TASK PROMPT: This exercise calls for every line of the listing below that contains the word "تصویر".

SOURCE DATA:
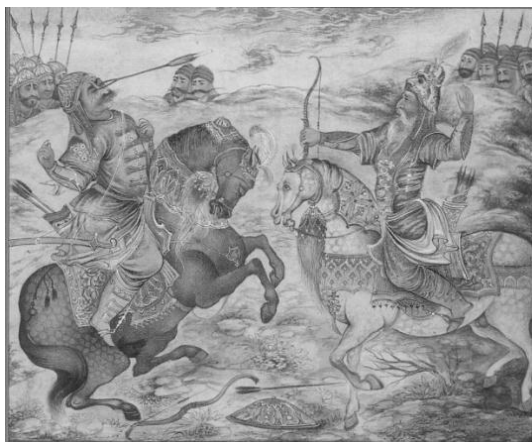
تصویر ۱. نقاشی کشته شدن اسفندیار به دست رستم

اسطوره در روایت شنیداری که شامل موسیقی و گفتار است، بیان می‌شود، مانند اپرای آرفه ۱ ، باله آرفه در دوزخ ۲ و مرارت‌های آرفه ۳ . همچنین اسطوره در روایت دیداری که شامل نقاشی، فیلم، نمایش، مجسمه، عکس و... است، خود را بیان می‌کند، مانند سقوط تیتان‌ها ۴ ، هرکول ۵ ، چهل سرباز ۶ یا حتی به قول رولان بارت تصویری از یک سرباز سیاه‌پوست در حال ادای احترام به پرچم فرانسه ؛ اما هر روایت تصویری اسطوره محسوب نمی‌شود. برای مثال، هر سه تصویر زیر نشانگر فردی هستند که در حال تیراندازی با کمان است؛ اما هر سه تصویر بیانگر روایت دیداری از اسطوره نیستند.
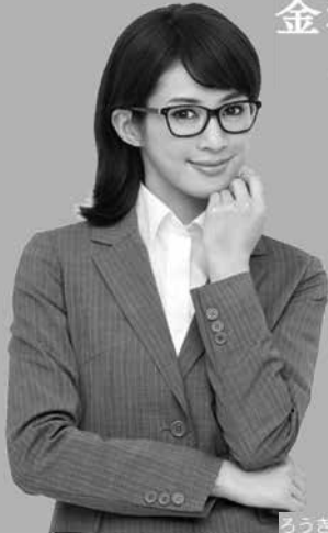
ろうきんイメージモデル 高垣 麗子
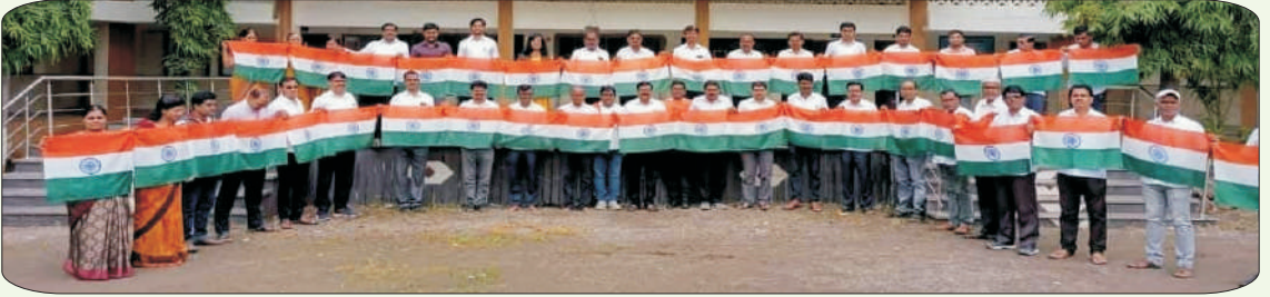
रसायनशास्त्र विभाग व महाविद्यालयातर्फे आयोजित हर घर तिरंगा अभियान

* * *

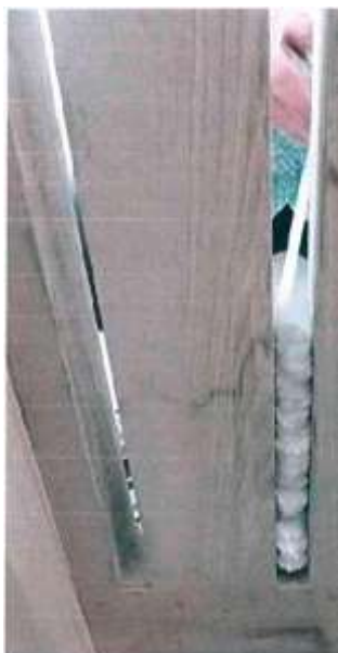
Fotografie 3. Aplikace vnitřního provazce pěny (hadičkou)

OUTPUT BELOW:
تصویر ۱. نقاشی کشته شدن اسفندیار به دست رستم
اسطوره در روایت شنیداری که شامل موسیقی و گفتار است، بیان می‌شود، مانند اپرای آرفه ۱ ، باله آرفه در دوزخ ۲ و مرارت‌های آرفه ۳ . همچنین اسطوره در روایت دیداری که شامل نقاشی، فیلم، نمایش، مجسمه، عکس و... است، خود را بیان می‌کند، مانند سقوط تیتان‌ها ۴ ، هرکول ۵ ، چهل سرباز ۶ یا حتی به قول رولان بارت تصویری از یک سرباز سیاه‌پوست در حال ادای احترام به پرچم فرانسه ؛ اما هر روایت تصویری اسطوره محسوب نمی‌شود. برای مثال، هر سه تصویر زیر نشانگر فردی هستند که در حال تیراندازی با کمان است؛ اما هر سه تصویر بیانگر روایت دیداری از اسطوره نیستند.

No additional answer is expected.